Suddenly they find themselves in the company of pumped-up students from Banning High School who went through a lockdown the previous day, after a 17-year-old boy was fatally shot in the head near their campus.
The 30 or so teenagers are decked out in tight punk-rock clothes that would fit comfortably in 1970s New York City: black T-shirts, black jeans, black sneakers. It's not just a fashion statement.
rockeros' clothing and music are "survival tactics," Molina says. "If you wear baggy clothes or listen to hip-hop," she explains, "someone may mistake you for a gang member, and you could get shot." Saving whales and green jobs isn't at the forefront of these kids' minds, but protecting their immediate safety is.

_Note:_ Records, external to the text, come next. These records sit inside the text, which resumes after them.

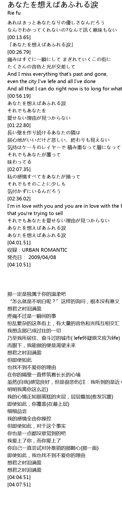 | [00:57.58] | あなたを想えばあふれる涙 |
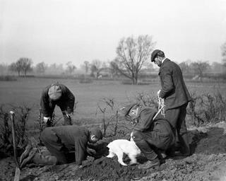 | Keywords: Rabbit ferreting YORYM-S154.jpg A group of four men in tweeds and caps around a rabbit hole; one is kneeling on the ground investigating the hole a second to the right is down on one knee with a small light-coloured dog and the other two stand The man to the right has a long length of thin rope and there is a spade to the left of the picture The men are on rough ground with a small spindly hedge behind them In the background is a field with trees depicted people depicted place 1900-1912 glass plate negative 125mm long edge x 100mm short edge institution Yorkshire Museum object history exhibition history credit line accession number YORYM S154 York Museums Trust image PD-old-70-1923 PD-US Images from The Sydney Harold Smith Collection Uploaded with UploadWizard |
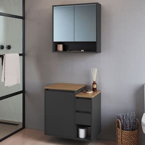 - Acompanha: Armário de Banheiro + Kit ferragens + Manual de Montagem

Joined by older activists and students from other parts of the South Bay, the rockeros march through their working-class neighborhood, holding up placards, chanting and thrusting their arms in the air. One girl with pink hair yells, "Our lungs are not for sale! Prop. 23 will fail!" The chant is spontaneous, and everyone joins in. "Our lungs are not for sale! Prop. 23 will fail!"
Minutes later, Elsner, who marches with them, is looking pleased. "They may not be able to vote," he says, grinning, "but they may be our next student leaders in a few years." If they end up in college, the rockeros might say that a "No on 23" march near some oil tanks in the fall of 2010 was the day they became part of the big, green brawn that beat down Big Oil.